#### [Task requirements]
Write out the entries below exactly as they stand. Skip every image.

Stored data
=== Begin Enclosure ===
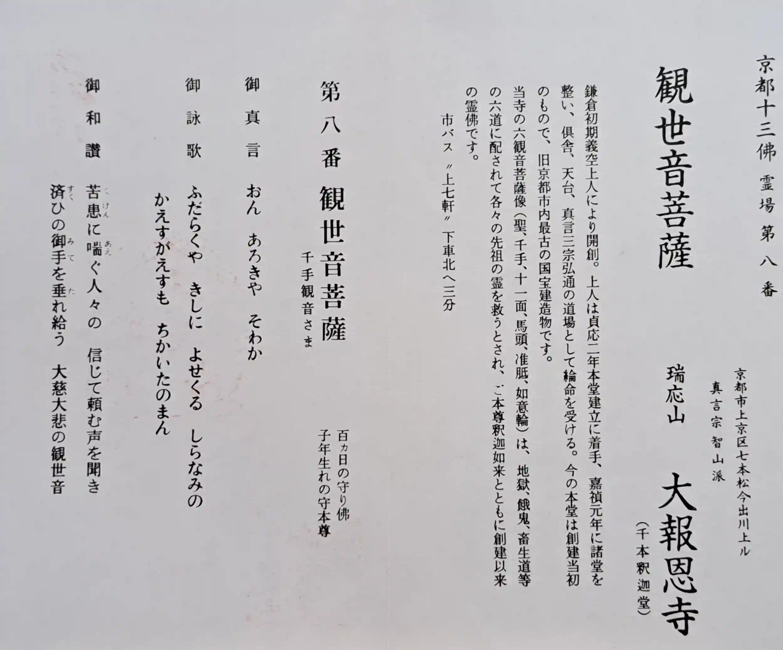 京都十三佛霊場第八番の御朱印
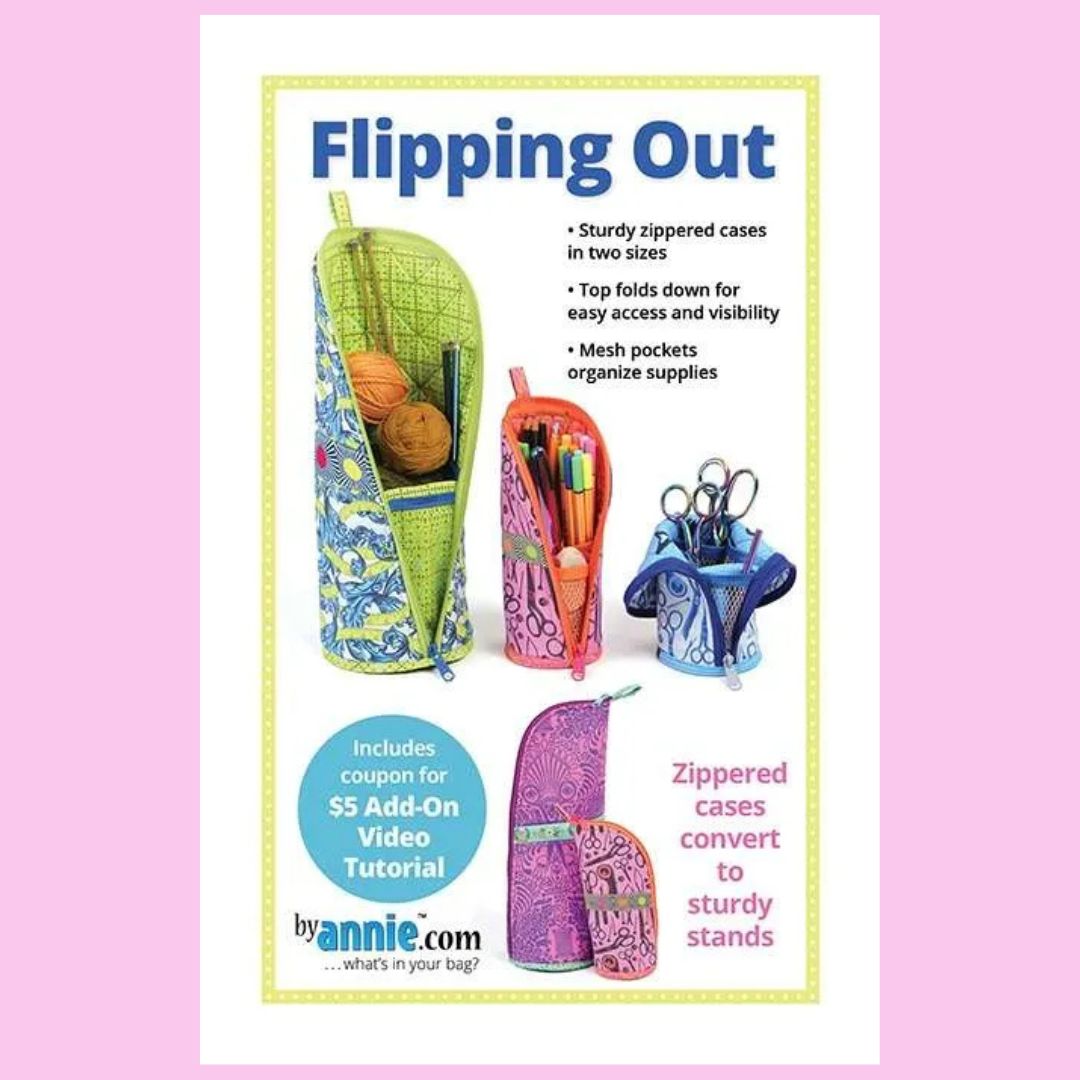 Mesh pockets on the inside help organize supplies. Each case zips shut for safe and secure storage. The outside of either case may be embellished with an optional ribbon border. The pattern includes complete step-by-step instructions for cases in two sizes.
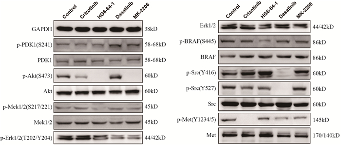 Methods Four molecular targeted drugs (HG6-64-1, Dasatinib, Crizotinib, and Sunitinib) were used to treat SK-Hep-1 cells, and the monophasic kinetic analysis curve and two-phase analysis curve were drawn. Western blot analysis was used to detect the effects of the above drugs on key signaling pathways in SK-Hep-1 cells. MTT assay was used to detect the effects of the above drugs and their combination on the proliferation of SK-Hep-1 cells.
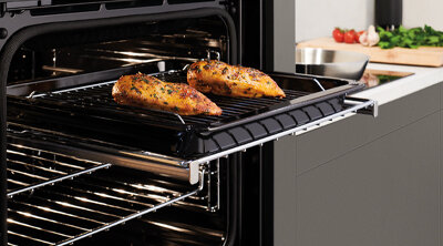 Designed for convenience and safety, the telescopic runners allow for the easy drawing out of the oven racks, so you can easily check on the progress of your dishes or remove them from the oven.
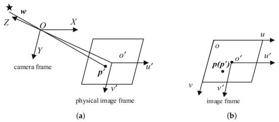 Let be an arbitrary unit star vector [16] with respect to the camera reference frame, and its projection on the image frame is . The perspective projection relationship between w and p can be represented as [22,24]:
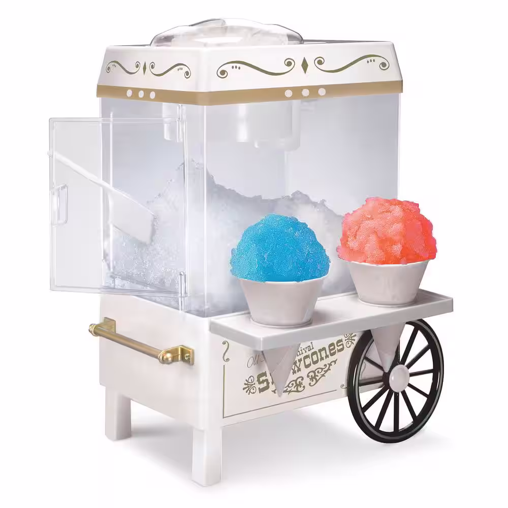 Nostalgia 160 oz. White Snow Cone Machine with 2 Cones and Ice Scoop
=== End Enclosure ===
#### [Response to the task]
 京都十三佛霊場第八番の御朱印
 Mesh pockets on the inside help organize supplies. Each case zips shut for safe and secure storage. The outside of either case may be embellished with an optional ribbon border. The pattern includes complete step-by-step instructions for cases in two sizes.
 Methods Four molecular targeted drugs (HG6-64-1, Dasatinib, Crizotinib, and Sunitinib) were used to treat SK-Hep-1 cells, and the monophasic kinetic analysis curve and two-phase analysis curve were drawn. Western blot analysis was used to detect the effects of the above drugs on key signaling pathways in SK-Hep-1 cells. MTT assay was used to detect the effects of the above drugs and their combination on the proliferation of SK-Hep-1 cells.
 Designed for convenience and safety, the telescopic runners allow for the easy drawing out of the oven racks, so you can easily check on the progress of your dishes or remove them from the oven.
 Let be an arbitrary unit star vector [16] with respect to the camera reference frame, and its projection on the image frame is . The perspective projection relationship between w and p can be represented as [22,24]:
 Nostalgia 160 oz. White Snow Cone Machine with 2 Cones and Ice Scoop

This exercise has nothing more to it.